Aggie returns home
Fallen American hero laid to rest at Aggie Field of Honor
Published: Monday, July 9, 2012
Updated: Wednesday, July 25, 2012 22:07
Husband. Father. Son. Brother. Friend. Cowboy. Texas Aggie. U.S. Army… A great American.
This was the beginning of Maj. Gen. Rodney Anderson’s address to those in attendance for Lt. Col. Roy Lin Tisdale’s, Class of 1992, funeral.
Lt. Col. Stephen G. Ruth, Class of 1992, addressed those with the Aggie welcome, “Howdy. Ruth said those from Alvin, Texas, knew Tisdale was a country boy and a real Texas cowboy. During his time at Texas A&M University, he was a member of the Company D-2 of the Corps of Cadets. Ruth said he had the privilege of being one of Tisdale’s first fish buddies.
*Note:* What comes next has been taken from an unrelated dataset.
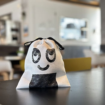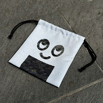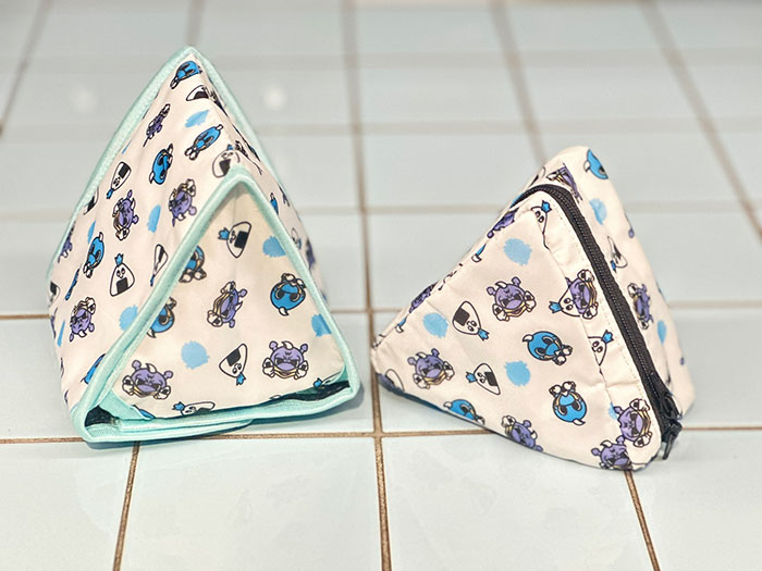 三角おむすび発祥の地といわれる「東海道川崎宿」にちなみ、お“むすび”巾着も発売!! ポイントはどこかに潜む梅干し...。

“When we finally had the privilege to wear normal people clothes… Roy would choose to wear his green Vietnam fatigues… That was our Roy Tisdale.”
Ruth then spoke of Tisdale’s love of building Bonfire. Building four wasn’t enough so he stayed an extra year to build a fifth.
Col. Jim Dunham, Tisdale’s D-2 company military adviser, then took the stage to share his memories of Tisdale. From his first fish haircut to his first March-In at Kyle Field, Dunham, as he teared up, said Tisdale will never be forgotten.
State senator of District 5, Steve Ogden then presented Tisdale’s wife, Kim, with an American flag flown above the state’s capital in Austin on July 2 in Tisdale’s honor.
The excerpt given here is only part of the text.